Mathurapur Assembly constituency was a Legislative Assembly constituency of South 24 Parganas district in the Indian State of West Bengal.

Overview
As a consequence of the order of the Delimitation Commission in respect of the Delimitation of constituencies in the West Bengal, Mathurapur Assembly constituency ceases to exist from 2011.

Mathurapur Assembly constituency was a part of Mathurapur (Lok Sabha constituency).

Members of Legislative Assembly

Election Results

Legislative Assembly Elections 1977-2006
In 2006 and 2001, Kanti Ganguly of CPI(M) won the Mathurapur Assembly constituency defeating his nearest rival Satya Ranjan Bapuli of AITC. Satya Ranjan Bapuli of INC won five times in a row defeating Kanti Ganguly of CPI(M) in 1996 and 1991, Brindaban Bhandari of CPI(M) in 1987 and 1982, and Rabin Mondal of SUCI(C) in 1977.

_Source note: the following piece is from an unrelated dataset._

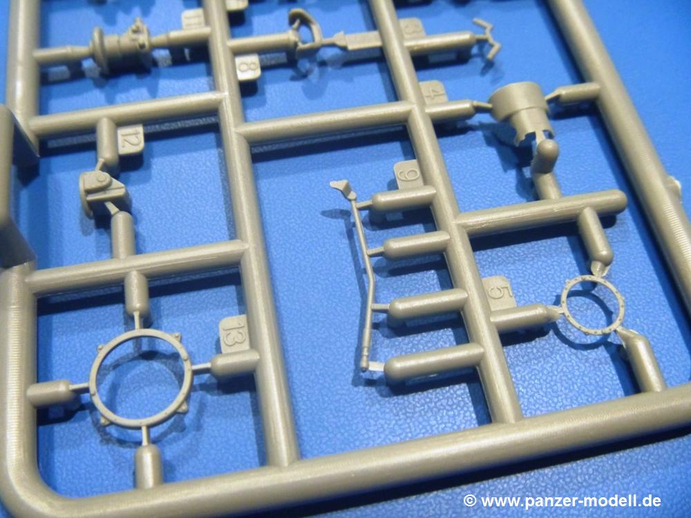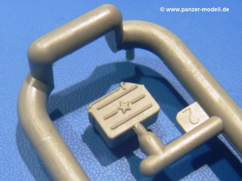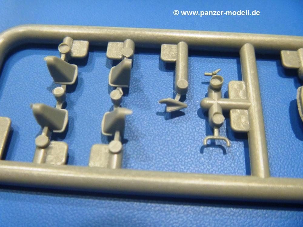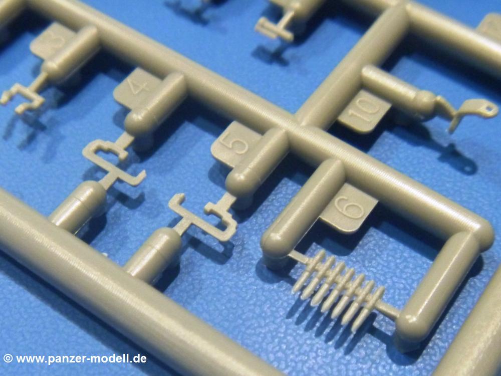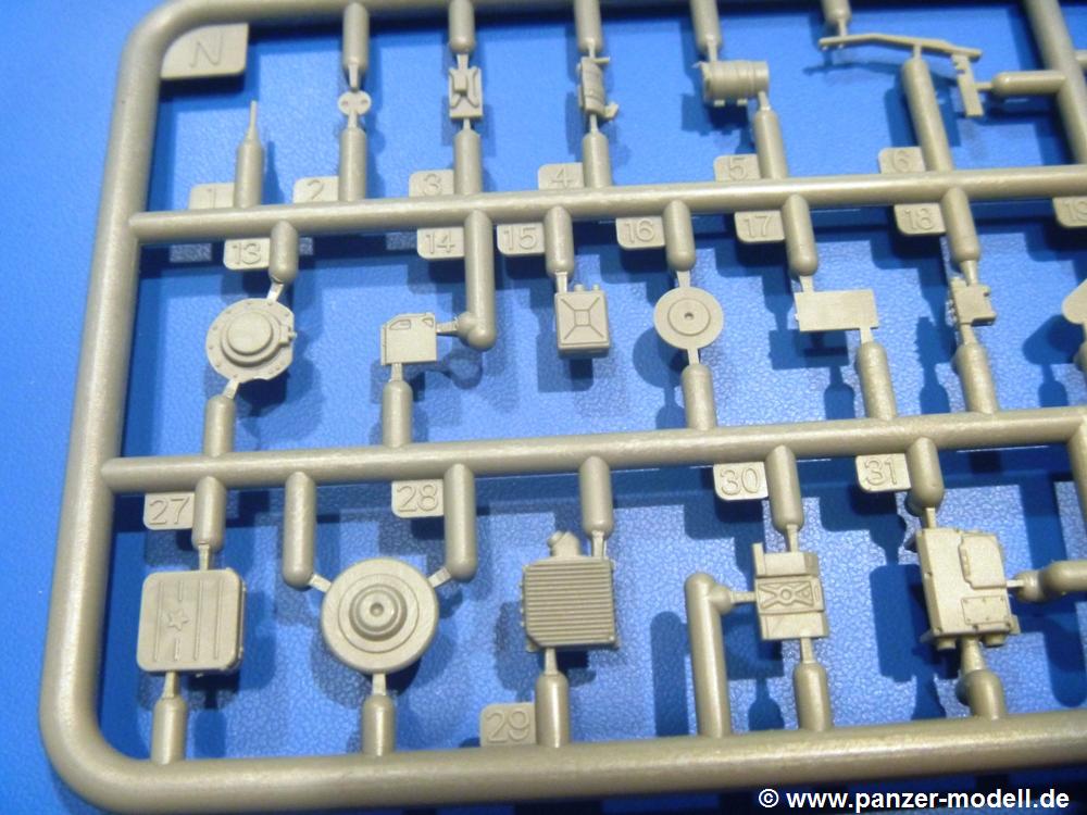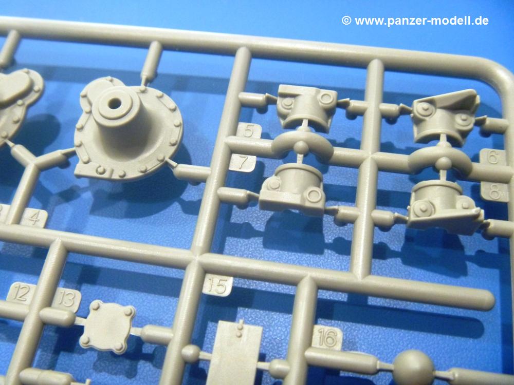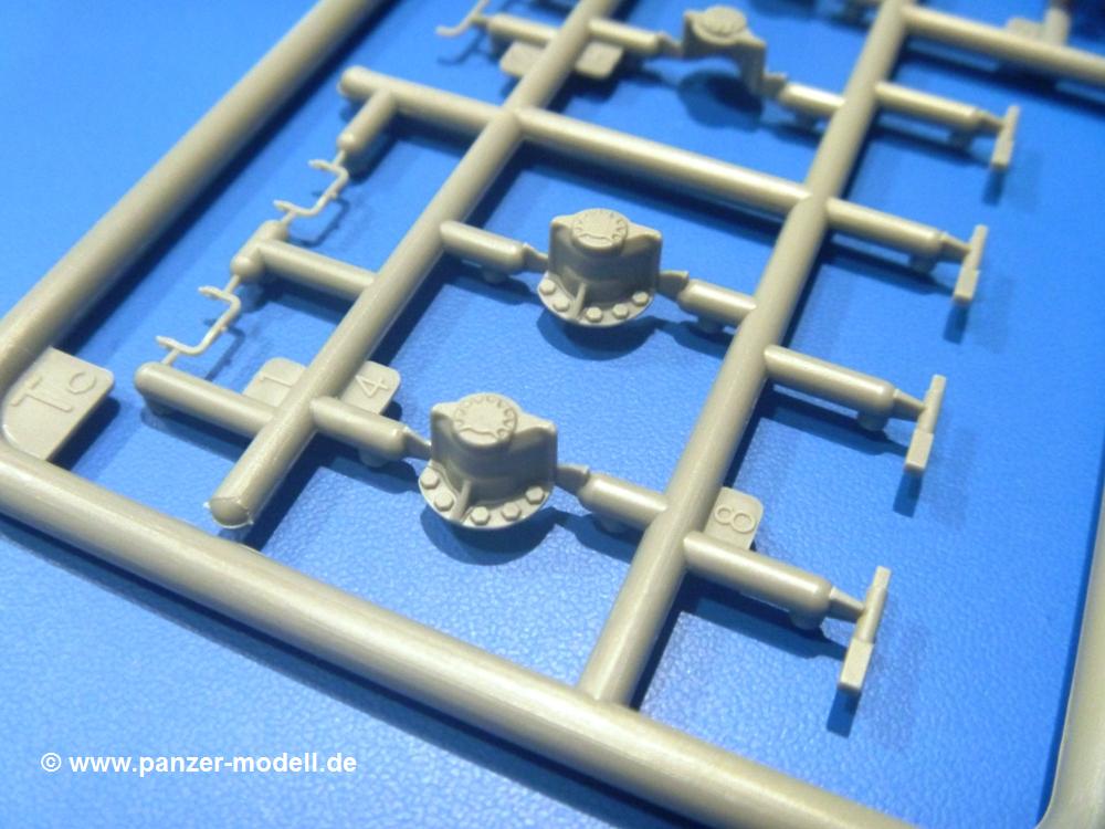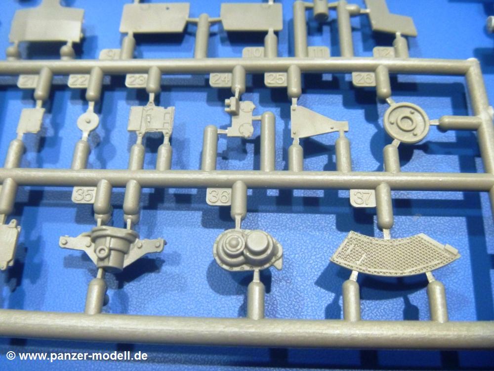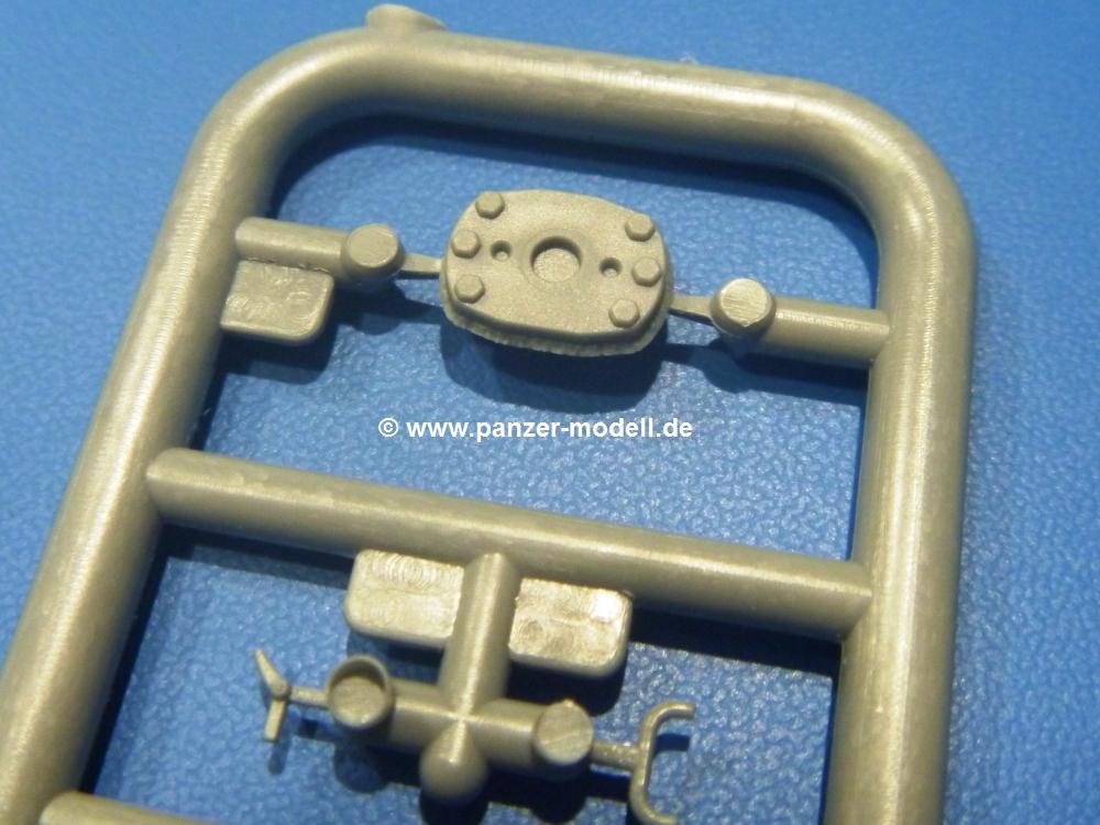 Die Teile aus hellgrauem Plastik sind sauber gespritzt, ohne Verzug und Versatz, hier und da minimaler Grat, keine Fischhäute. Auswerferspuren sind kaum zu sehen und nur auf Innenseiten von Teilen vorhanden, so dass sie beim Zusammenbau verschwinden, ohne das man sie wegschleifen und verspachteln müsste. Viel Vorsicht muss man aufwenden, um manche filigrane Teile wie Gestänge und Leitungen zerstörungsfrei von den Spritzlingen zu lösen.Was wird nun geboten? "Jede Menge!" kann man schon zu Anfang sagen. Separate Drehstäbe, Schwingarmlager, Schwingarme und die Notausstiegluke finden ihren Platz im Wannenboden. Neben der Notausstiegsluke findet man auch Öffnung und Verschlussdeckel zum Grabenbeschuss. Die 5 Bodenbleche des Kampfraumbodens sind sehr schön wiedergegeben. Der Fahrerplatz ist mit Lenk-, Schalthebeln, Pedalen und mehrteiligem Fahrersitz ausgestattet. Rechts vom Fahrer findet man einen großen Staukasten, an den der Munitionsbunker für 20 Schuss separate 100 mm Munition angrenzt. An die Wanneninnenwände werden so einige Instrumente, Munitions-, Schalt- und Staukästen angebaut. Auch weitere 100 mm Munition und eine Feuerlöschanlage gibt es. Dazu kommt ein separater Handfeuerlöscher.Der 12-Zylinder V-Dieselmotor enthält viele Details wie die Einspritzpumpe, Ein- und Auslasskanäle, Lichtmaschine, Anlasser, Luftfilterkasten mit untergebautem Zyklonluftfilter, Anlasskompressor, Kraftstofffilter, Turbo und verschiedene Leitungen. Nur die Einspritzleitungen von der Einspritzpumpe zu den Düsen muss man selbst (z.B. aus feinem Draht) herstellen. Die Motortrennwand ist schon gut detailliert. Zusätzliche Teile sind ein MG-Munitionsbehälter, eine 100 mm Patrone, ein Schaltkasten. Das Gimmick hier ist der Kampfraumlüfter mit dem PE-Gitter.Auch im Turm wurde kein Detail ausgelassen. Rohrbremsen, Verschlussblock und Hülsenabweiser erwartet man auf alle Fälle. Der Verschluss als separates Teil erlaubt das Einlegen von 100 mm Munition, Bediengestänge ist vorhanden. Höhen- und Seitenrichtmaschine sind samt ihrer Elektromotoren sauber wiedergegeben. Die Sitze der Besatzung sind ebenso da wie die Munitionshalterungen samt der separaten Munition und dem Funkgerät. Das koaxiale MG mit Munitions- und Hülsenfangkasten ist reichlich detailliert. Das Zielfernrohr des Richtschützen und die Nachtsichtoptik sind schon kleine Bausätze für sich. Wenn ich mit nicht verzählt habe, kommen bei der Kommandantenluke je nach Variation bis zu 29(!) Teile zusammen - Winkelspiegel, Scheibenwischer, Bediengriffe, Suchscheinwerfer etc.Auch Außen ist so einiges los. Für die Kraftstofftanks auf den Kettenabdeckungen gibt es separate Leitungen. Den Wetterschutz für den Fahrer kann man aufgebaut mit Glaseinsatz, Scheibenwischer und Bedienhebel dafür aufbauen oder zusammengefaltet auf der gerollten Plane am Turmheck platzieren. Die Plane wird von PE-Bändern gehalten. Das Fla-MG setzt sich aus fast 30 Teilen zusammen. Hier gibt es auch ein Stück Munitionsgurt. Die Kanonenblende kann man wahlweise ohne oder mit Blendenplane einbauen. Je nach Wahl unterscheidet sich dann der Anbau des Schießscheinwerfers. Entscheidet man sich für die Nachtkampfvariante des Scheinwerfers, darf man innen auch eine Glühlampe aus Klarsichtmaterial einsetzen. Apropos Nachtkampfvariante - die Bauanleitung gibt dafür Optionen vor. Für den Nachtkampf also offene Such- und Schießscheinwerfer und eingebaute Nachtkampfoptik oder für den Tagkampf mit Deckeln verschlossen.Für das Fahrgestell gilt, wenn man die Schwingarme nicht feststellt, bleibt es beweglich, so dass man es z.B. an Dioramengelände anpassen kann. Die Einzelgliederkette kommt einem da entgegen. Wirft man einen genaueren Blick auf die Glieder, wird man die feinen Gussnummern erkennen. Bei den Laufrollen hat man die Wahl zwischen den älteren Spinnennetzrädern oder den moderneren 5-Speichenrädern. Der Bemalungsplan zeigt den T-54 aber immer nur mit 5-Speichenrädern.Es sind Abziehbilder (Decals) für 4 Versionen dabei.

Legislative Assembly Elections 1952-1972
Birendranath Halder of INC won in 1972. Renupada Halder of SUCI(C) won in 1971 and 1969. H.Halder of Bangla Congress won in 1967. In 1962, Mathurapur Assembly constituency had two seats. Bhusan Chandra Das of INC won the Mathurapur Dakshin seat and Brindaban Gayen of INC won the Mathurapur Uttar seat. In 1957 and 1952, Mathurapur Assembly constituency was a joint seat. Bhusan Chandra Das and Brindaban Gayen, both of INC won in 1957. Bhusan Chandra Das of KMPP and Brindaban Gayen of INC won in 1952.